A son tour elle aussi.

Elle est amère et douce, elle est méchante et bonne ;

Sur chaque front illustre elle met la couronne

Sans peur ni passion.

Amère aux gens heureux et douce aux misérables,

C'est la seule qui donne aux grands inconsolables

Leur consolation.

Elle prête des lits à ceux qui, sur le monde,

Comme le Juif errant, font nuit et jour leur ronde

Et n'ont jamais dormi.

A tous les parias elle ouvre son auberge,

Et reçoit aussi bien la Phryné que la vierge,

L'ennemi que l'ami.

Sur les pas de ce guide au visage impassible,

Nous marchons en suivant la spirale terrible

Vers le but inconnu,

Par un enfer vivant sans caverne ni gouffre,

Sans bitume enflammé, sans mers aux flots de soufre,

Sans Belzébuth cornu.

Voici contre un carreau comme un reflet de lampe

Avec l'ombre d'un homme. Allons, montons la rampe,

Approchons et voyons.

Ah ! c'est toi, docteur Faust ! Dans la même posture

Du sorcier de Rembrandt sur la noire peinture

Aux flamboyants rayons.

Quoi ! tu n'as pas brisé tes fioles d'alchimiste,

Et tu penches toujours ton grand front chauve et triste

Sur quelque manuscrit !

Dans ton livre, aux lueurs de ce soleil mystique,

Quoi ! tu cherches encor le mot cabalistique

Qui fait venir l'Esprit.

Eh bien ! Scientia, ta maîtresse adorée

A tes chastes désirs s'est-elle enfin livrée ?

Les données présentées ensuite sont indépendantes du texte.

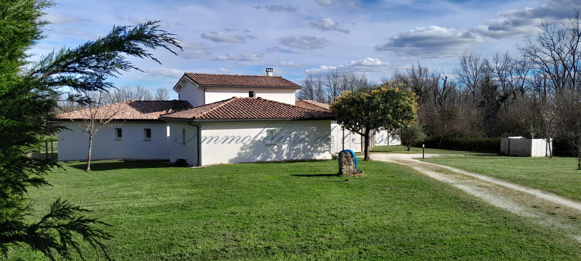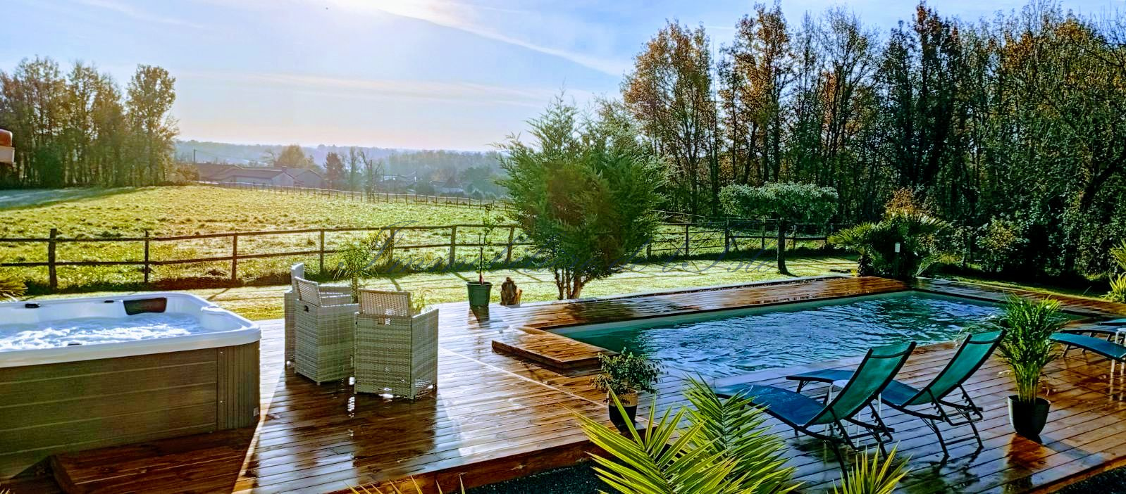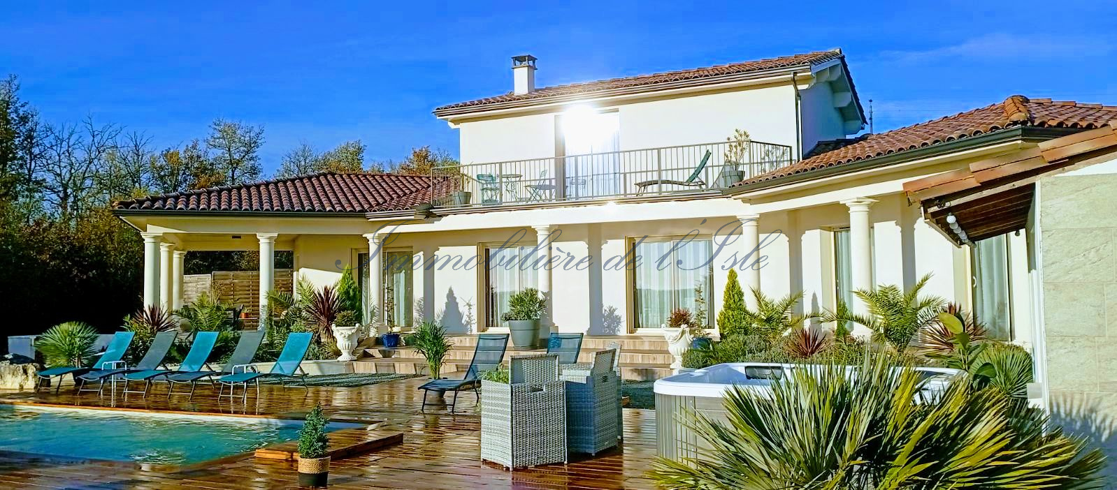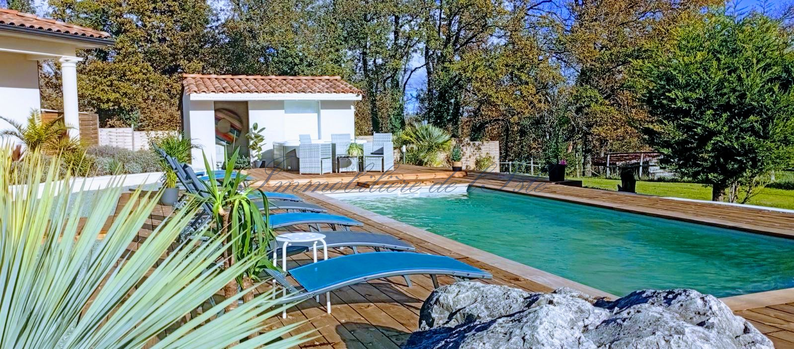 Au coeur du Périgord Vert, à 10 minutes de Ribérac et de l’étang de la Jemaye, une villa spacieuse avec de belles prestations vous offrant un beau cadre de vie, incluant piscine, jacuzzi 6 places, maison d’amis et environ 1,2 ha de terres. La maison d’une surface habitable d’environ 190m2 dispose de deux pièces de vies très lumineuses partageant un insert à double foyer, avec plusieurs baies vitrées s’ouvrant sur une terrasse spacieuse orientée Sud-Est. Une cuisine ouverte moderne, deux chambres dont une avec son espace dressing, et une salle d’eau complètent le rez-de-chaussée. A l’étage, deux autres chambres et une salle de bain, ainsi qu’un agréable balcon. Cette demeure s’ouvre sur un jardin paysagé, une piscine avec nage à contre-courant et sa plage, et une belle vue dégagée sur les 1.1 ha de prairie. De beaux éclairages extérieurs donnent à cette demeure un très beau cachet à tout moment de la journée. Une maison d’amis bénéficiant d’une entrée et d’une terrasse indépendantes dispose d’environ 43m2 de surface habitable, avec salon / cuisine, chambre et salle d’eau. Un couloir permet une communication intérieure entre les 2 maisons. Cela vous laisse la possibilité de faire du locatif sur l’une ou l’autre maison, ou de conserver l’ensemble en résidence familiale. Ce bien immobilier d’une qualité rare, situé dans un environnement calme tout en restant proche de toutes les commodités, à 1h seulement d’Angoulême avec ses infrastructures et sa gare TGV, vous offre un cadre de vie idéal, avec suffisamment de terres pour y accueillir différents projets (animaux, chevaux, maraîchage).
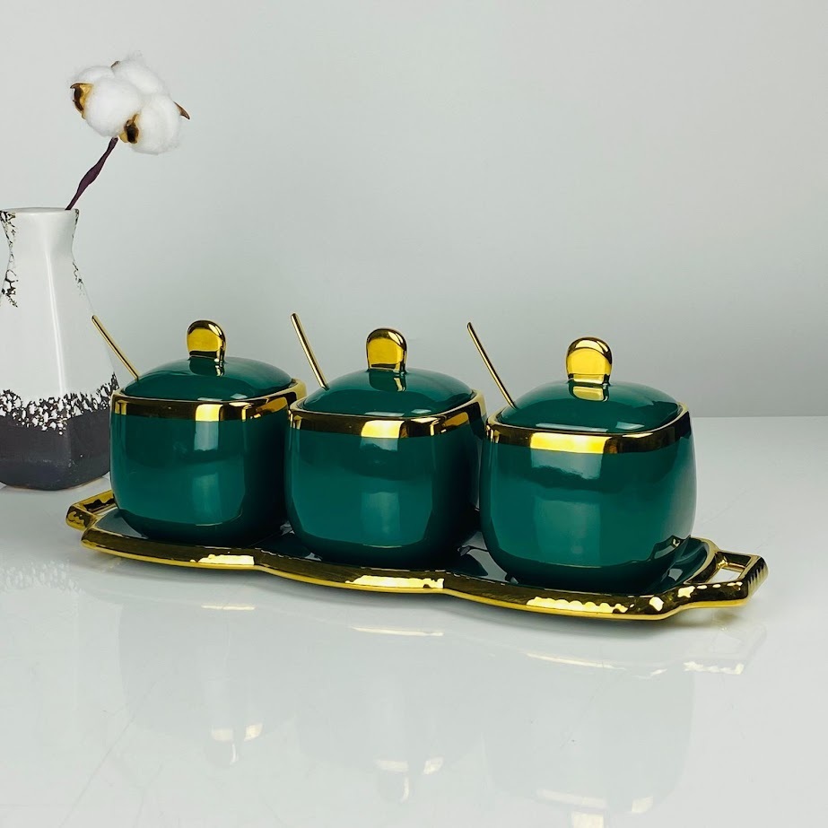 Lenardi 164-013 Набор из 3 банок 350мл с ложками на подставке в под.уп.(х9)Фарфор
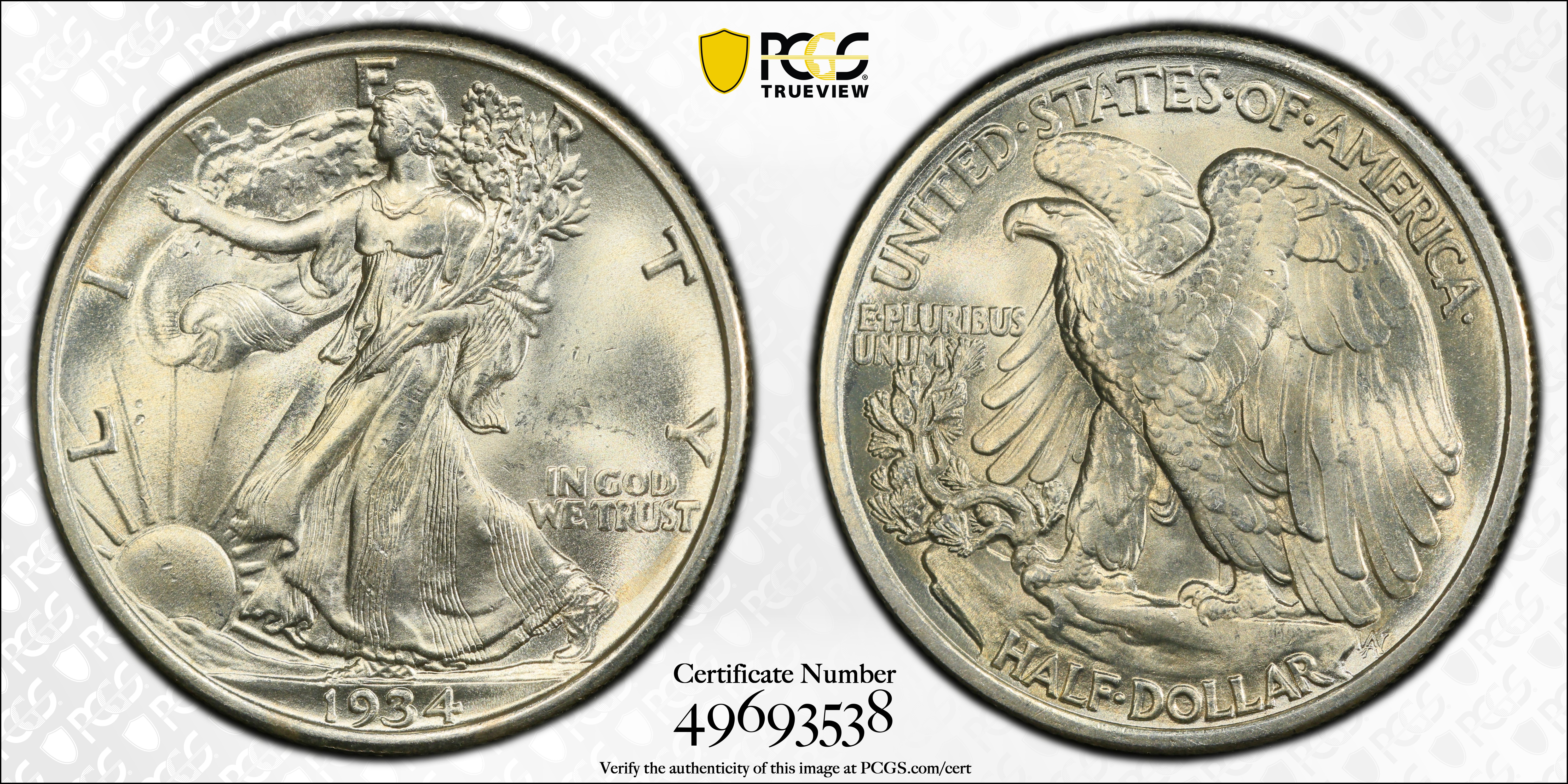 1934 50C MS65 Certification #49693538, PCGS #6592

Ou, comme au premier jour,

N'en es-tu qu'à baiser sa robe ou sa pantoufle,

Ta poitrine asthmatique a-t-elle encor du souffle

Pour un soupir d'amour ?

Quel sable, quel corail a ramené ta sonde ?

As-tu touché le fond des sagesses du monde ?

En puisant à ton puits,

Nous as-tu dans ton seau fait monter toute nue

La blanche Vérité jusqu'ici méconnue ?

Arbre, où sont donc tes fruits ?

J'ai plongé dans la mer sous le dôme des ondes ;

Les grands poissons jetaient leurs ondes vagabondes

Jusques au fond des eaux ;

Léviathan fouettait l'abîme de sa queue,

Les Syrènes peignaient leur chevelure bleue

Sur les bancs de coraux.

La seiche horrible à voir, le polype difforme,

Tendaient leurs mille bras, le caïman énorme

Roulait ses gros yeux verts ;

Mais je suis remonté, car je manquais d'haleine ;

C'est un manteau bien lourd pour une épaule humaine

Que le manteau des mers !

Je n'ai pu de mon puits tirer que de l'eau claire ;

Le Sphinx interrogé continue à se taire ;

Si chauve et si cassé,

Hélas ! j'en suis encore à peut-être, et que sais-je ?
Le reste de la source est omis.